The importance of play

Recreational deprivation has been linked to criminality, obesity and declining creativity. Rob Parr asks why having fun is not taken more seriously

May 1, 2014

Source: Getty

It is unstructured play, where partners have to negotiate the rules, that is most important for the beneficial effects on the prefrontal cortex

Play is serious business. This sounds paradoxical and it is, in so much as something that comes so naturally to large-brained mammals (and birds, according to some authorities), that is so much fun, is so vital. Play is a banquet for the brain, a smorgasbord for the senses, providing nourishment for body and spirit: sad then that as a society we seem to be starving ourselves of it.

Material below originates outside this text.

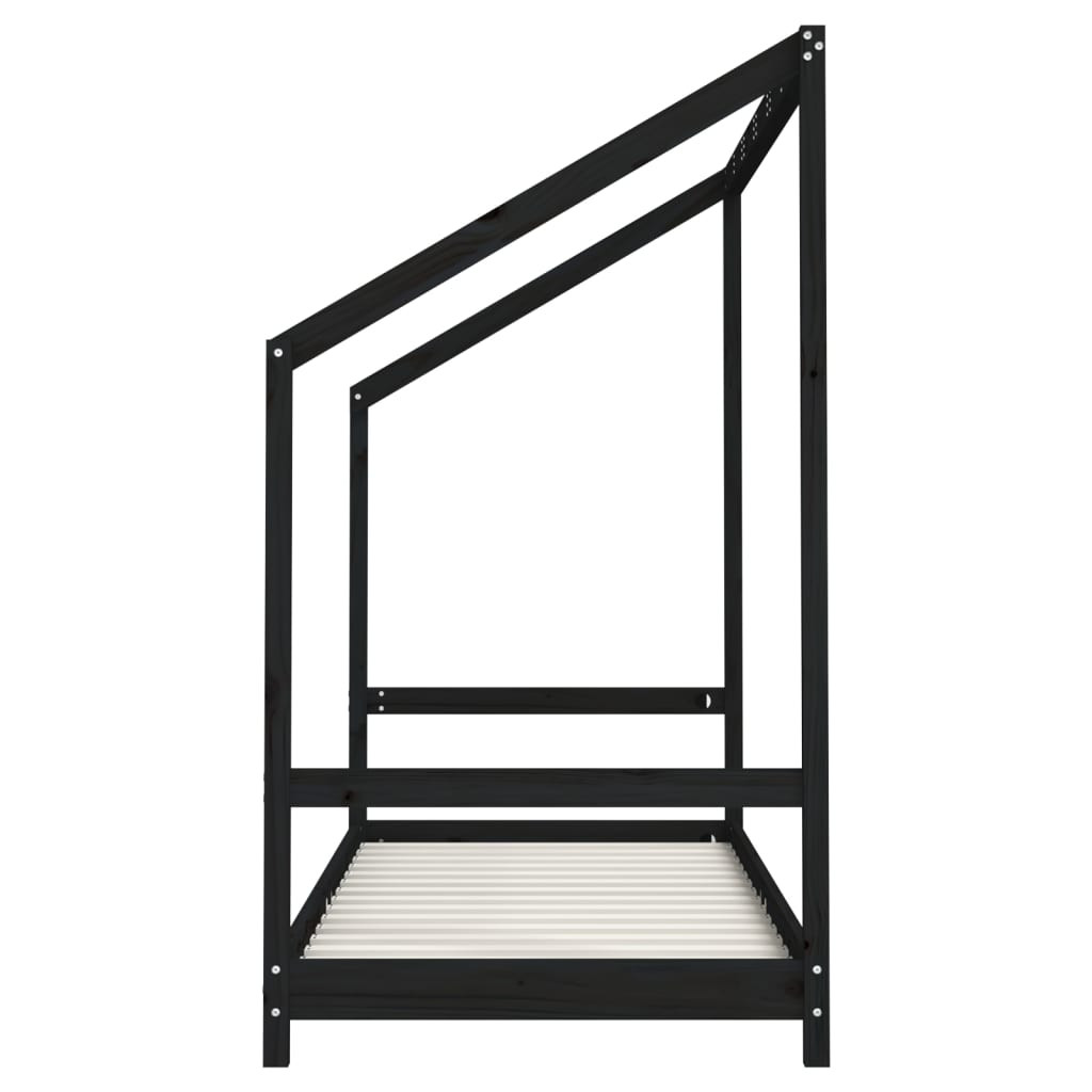 fekete tömör fenyőfa gyerekágykeret 80 x 200 cm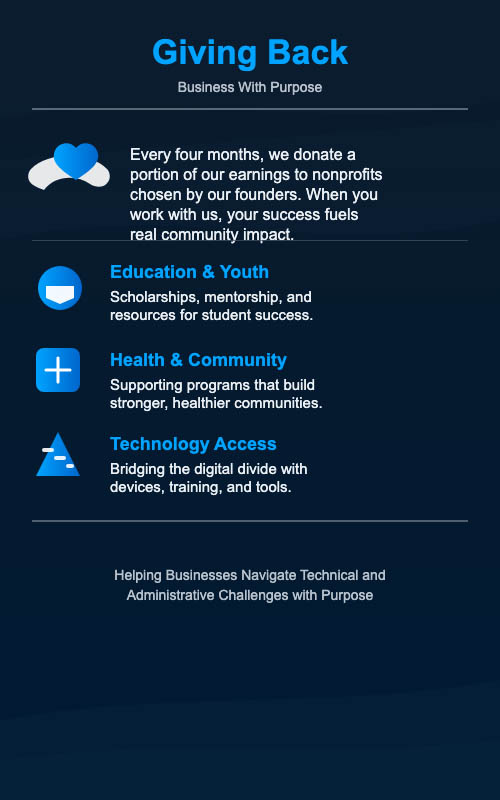 At TrueNorth Solutions, we believe success is about more than profit — it’s about making a difference. From day one, our company was built on the idea that business should serve a higher purpose. That’s why we’ve embedded giving back directly into our business model.

How does one define “play”? According to Patrick Bateson, emeritus professor of ethology at the University of Cambridge, “‘play’ as used by biologists and psychologists is a broad term denoting almost any activity that is not ‘serious’ or ‘work’ ”. Peter Gray, research professor at Boston College, writes that play “is self-chosen and self-directed”, an imaginative, non-literal activity “in which means are more valued than ends”, with “rules that are not dictated by physical necessity but emanate from the minds of the players”. And leading play theorist Bob Hughes, author of Evolutionary Playwork (2001), says that “the interaction we call social play enables children to discover that the rules governing any form of social interaction need to be revealed, explored and amended” via “protocols and meta-communication”.

The academic study of the subject has a distinguished lineage: Charles Darwin, G. Stanley Hall, Jean Piaget, William James, Sigmund Freud, Carl Jung, Lev Vygotsky and Brian Sutton-Smith all aided its development. One seminal contribution was Homo Ludens (“Man the player”), the 1938 book written by Dutch historian and theorist Johan Huizinga. Huizinga emphasised play’s natural basis as a not-so-trivial pursuit: “Play is older than culture, for culture…always presupposes human society, and animals have not waited for man to teach them their playing.”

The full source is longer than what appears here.